No, the Gyro is an analogue sensor, there is *no* I2C involved, of any kind, at all :)

The NXT has a digital (I2C) interface -and- an (two, actually) analogue interface. This sensor makes use of the analogue interface.

- Xander

Author:  MHTS [ Mon Dec 06, 2010 4:02 am ]
Post subject:  Re: Gyro Senosr

Thanks for the clarification. That's what I suspect. The RJ connector isn't just for I2C but has analog pins as well. So the inaccuracy isn't the gyro firmware but the NXT firmware because the NXT firmware is the one who reads the raw A/D and translates it to degrees/sec in integer. If that's the case, doesn't NXT have a raw sensor mode (raw value) where I don't tell NXT what kind of sensor it is and just ask for the raw value from the A/D? (The equivalent of SensorRaw[]). I am sorry about being ignorant on the internals of NXT, just curious on how this works.

Author:  mightor [ Mon Dec 06, 2010 4:10 am ]
Post subject:  Re: Gyro Senosr

The AD conversion is done by the NXT hardware, all the firmware does is read the raw value from this. There really is nothing more raw than the raw AD value. No conversion is done.

- Xander

Author:  MHTS [ Mon Dec 06, 2010 11:16 pm ]
Post subject:  Re: Gyro Senosr

So you are saying the raw value is in the unit of degrees/sec as an integer in the range of 0-1023? If that's the case, it is a very coarse and inaccurate gyro. (i.e. The gyro resolution is 1 degree/sec). The FRC gyro is spec'd at a resolution of 0.69 degree/sec.

Author:  mightor [ Tue Dec 07, 2010 2:17 am ]
Post subject:  Re: Gyro Senosr

I believe the gyro is spec'd at about 300 degrees per second max. The value the gyro returns is the number of degrees per second + offset (around 620).

- Xander

Author:  Aswin [ Tue Dec 07, 2010 4:22 am ]
Post subject:  Re: Gyro Senosr

Coarse and inaccurate, the gyro?

First, it is not the gyro that determines how coarse the readings are. It is the NXT, as it is the NXT that does the conversion to digital values. All analogue sensors on the NXT will have readings between 0 and 1023.

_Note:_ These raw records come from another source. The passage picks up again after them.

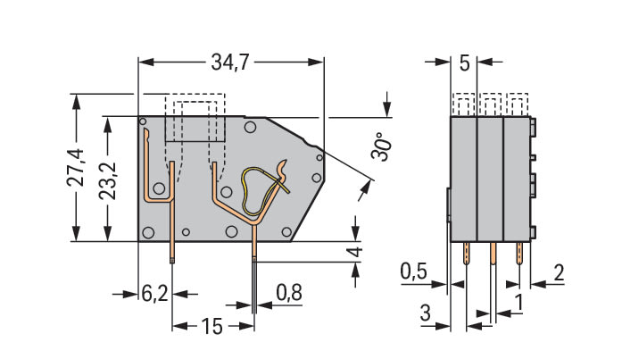 WAGO ELETTRONICA - Morsetto per circuito stampato sovrapponibile.con supporto per fusibile.2,5 mm².grigio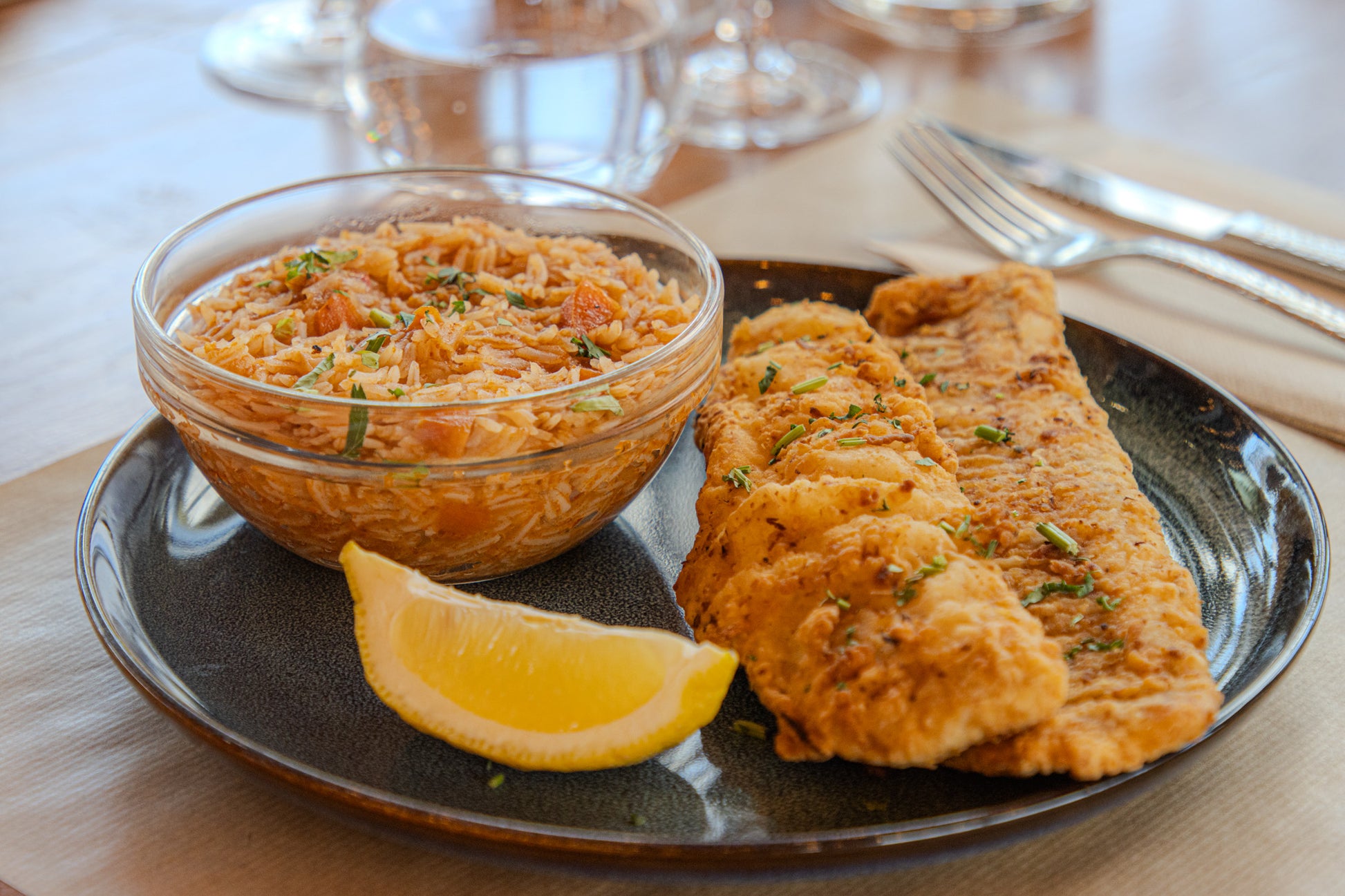 Filetes de pescada levemente temperados e grelhados na chapa, garantindo uma textura delicada e sabor suave. Servidos com um arroz de tomate cremoso, preparado com ingredientes frescos e um toque caseiro que realça os sabores do mar.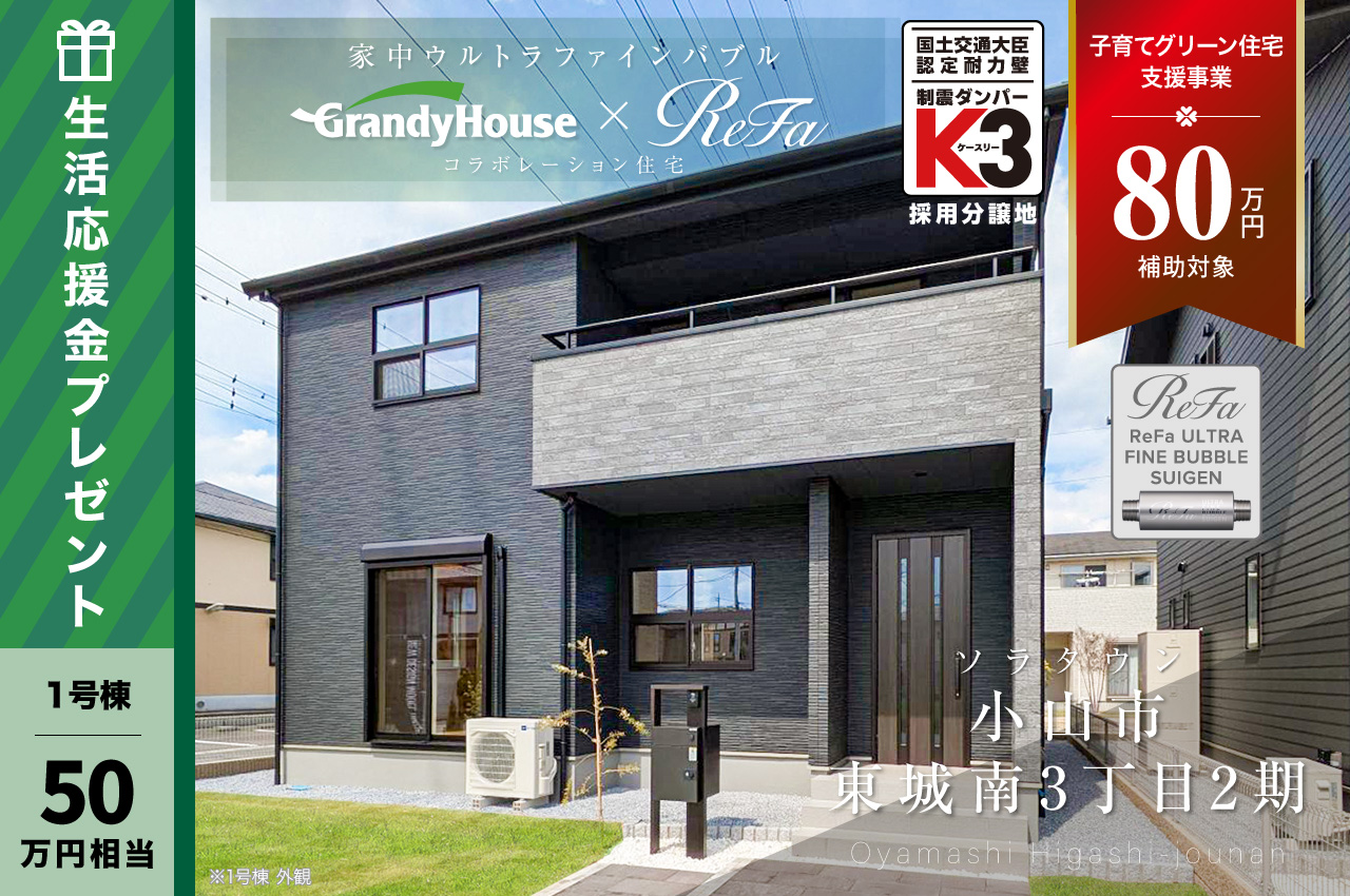春の新生活応援フェア 30件の分譲地、151件のプランが見つかりました。 〈ご成約特典〉下記掲載の対象物件を2026年5月10日(日)までにご成約いただいたお客様が対象です。※対象号棟は分譲地により異なります。※ご成約後に解約された場合は本プレゼントの適用対象外となります。※各プレゼントとも、その他のサービスとの併用はできません。※掲載の画像はすべてイメージです。※詳しくは当社スタッフにお尋ねください。 〈特別イベント1〉お申込みフォームにご記入・送信後、グランディハウス栃木エリアのInstagramアカウント(@grandy.tochigi)をフォローしてください。※抽選結果発表は、お申込みフォームにご入力いただいた「ニックネーム」と「市町村名」を発表します。※配信当日にご視聴いただけない場合には、後日、同アカウントで当選者の発表がございますので、そちらをご覧ください。※お持ちのアカウントにつき1回のお申込みとさせていただきます。※同一の方から複数アカウントにてのお申込みが確認された場合は、当選は無効といたします。※未成年の方はご参加いただけません。※当選された方には、後日、ご自宅に賞品をお届けいたします。※詳しくは表面のフリーダイヤルよりお問い合わせください。 〈特別イベント2〉当社分譲の住宅のご購入あるいは今後のご購入をご検討中のお客様に限ります。※事前に簡単なアンケートへご記入の上、特別イベント1の最後の合言葉をお伝えいただくことで、催しにご参加いただけます。 <その他> ※お食事がなくなり次第終了となります。※詳しくは当社スタッフまでお尋ねください。※駐車場での事故・トラブル等については一切関与いたしません。 〈WEBご来場予約特典〉2026年5月10日(日)までに当社ホームページよりいずれかの会場へご来場予約いただいた方が対象です。※ご来場いただいた分譲地でアンケートにご回答いただいた、グランディハウスの分譲地を初めてご見学された、住宅購入予定のある新規のご家族が対象です。※プレゼント金券は授受トラブル防止のため手渡しのみとなります。郵送または弊社スタッフによる投函でのお渡しは行っておりません。※数に限りがありますので各プレゼントは1家族1回とさせていただきます。※商品が無くなり次第終了となります。また、内容が変更となる場合がございますので、予めご了承ください。ご来場特典はグランディハウス(株)による提供です。本キャンペーンについてのお問い合わせはAmazonではお受けしておりません。グランディハウス事務局ad@grandy.co.jpまでお願いします。Amazon、Amazon.co.jpおよびそのロゴはAmazon.com.inc.またはその関連会社の商標です。 エリア絞込: すべて 宇都宮市 栃木市 佐野市 鹿沼市 小山市 大田原市 那須塩原市 さくら市 下野市 下都賀郡壬生町 すべての物件にチェックを入れる すべてチェック 物件をくらべる まとめて資料請求する 0件の分譲地 物件をくらべる(5件まで) まとめて資料請求する(5件まで) 価格改定 モデルハウス 下野市 上大領 グランドステージ上大領5期 お気に入り登録人数人 販売戸数: 6戸 販売価格: 3,199万円 (税込) 〜 1〜5号棟!子育てグリーン最大80万円対象 3号棟 価格改定|3,380万円 4号棟 価格改定|3,280万円 【長期優良住宅認定 ✕ K3制震ダンパー採用】 ◆敷地面積最大94坪|最大4台分の駐車スペースを確保 ◆モノトーンを基調に色数を抑え、シックな雰囲気の街並みデザイン 来場予約 資料請求(無料) 電話相談 お問い合わせ グランディハウス 本社営業部 宇都宮市大通り4丁目3番18号 0120267777(発信する) 閉じる 分譲地詳細を見る 価格改定 小山市 横倉新田 グランクレスト小山市大谷東小東2期 お気に入り登録人数9人 販売戸数: 7戸 販売価格: 3,130万円 (税込) 〜 3〜6・8号棟|子育てグリーン最大80万円対象物件 通学も安心、お買い物も身近な利便ロケーション ◆保育園・小学校・中学校まで徒歩6分圏内 ◆長期優良住宅認定 ◆ZEH水準の断熱・省エネ性能×オール電化 ◆「横倉地区まちづくり構想」による未来に向けたまちづくりが進行中 ※最新情報・詳細は小山市HPへ https://www.city.oyama.tochigi.jp/kurashi/toshikeikaku/machizukuri/page002704.html 来場予約 資料請求(無料) 電話相談 お問い合わせ グランディハウス 県南支社 小山市東城南5丁目1番地9 0120785060(発信する) 閉じる 分譲地詳細を見る 小山市 東城南 ソラタウン小山市東城南3丁目2期 お気に入り登録人数2人 販売戸数: 1戸 販売価格: 4,270万円 (税込) 1号棟|子育てグリーン最大80万円対象物件 〈ウルトラファインバブルスイゲン〉採用 「東城南小学校」まで徒歩4分 【長期優良住宅認定 ✕ ZEH ✕ おひさまエコキュート ✕ K3制震ダンパー採用】 さらに建物内すべての水に、ウルトラファインバブルを 行き渡らせる「スイゲン」を採用。 来場予約 資料請求(無料) 電話相談 お問い合わせ グランディハウス 県南支社 小山市東城南5丁目1番地9 0120785060(発信する) 閉じる 分譲地詳細を見る 価格改定 モデルハウス 小山市 横倉 グランド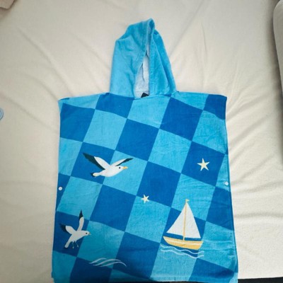 Catalonia 100% Cotton Kid's Boat Hooded Bath Towel for Girls Boys Aged 2-6, Absorbent Toddler Towel Cape, Changing Robe for Pool Beach Bathroom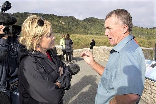 Lucy Lawless and Robyn Malcolm (actresses) debate conservation with mayor Tony Kokshoorn *PHOTO ALBUM(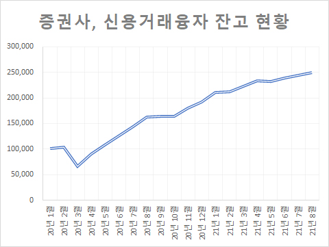 지난해 초만 하더라도 증권사 신용거래융자 잔고는 10조 원 대였으나 하반기부터 크게 증가해 지난해 12월 19조 원을 넘어섰다. 올해 1월 21조 원을 돌파한 이후 매달 늘어 9월23일 기준 25조3536억 원을 기록했다.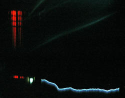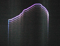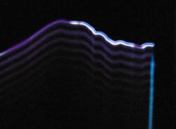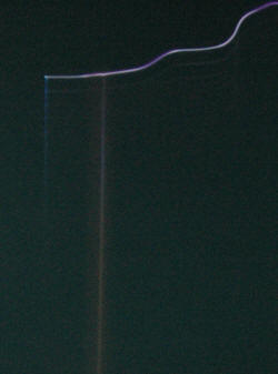 vertical scale is 40 us. (just over 100 ns/pixel). The right photo

Second. Using values between 0 and 1023 and a unit of degrees a second will tell you The difference between something that is rotating 1000 full circles an hour and something that is rotating at a rate of 10012 circles an hour. Or 1 extra rotation each five minutes. Or speed differences as small as 0,1 %. As minimum and maximum output values are fixed between 0 and 1023 there is a trade of between resolution and range. This goes for all analogue sensors. So the other sensor must have a smaller range :-)

Third. Accuracy has nothing to do with coarseness. If I tell you that one liter of water weights 1 kilogram I am very accurate but nor very precise. If I state it weights 678.321 gram I am very precise but also very wrong. It is up to you to make the gyro accurate by interpretating it's readings well.

Fourth. The 0-1023 scale limits the coarseness of your readings. But this limit is not fixed. If you take the average of more readings you can decrease coarseness.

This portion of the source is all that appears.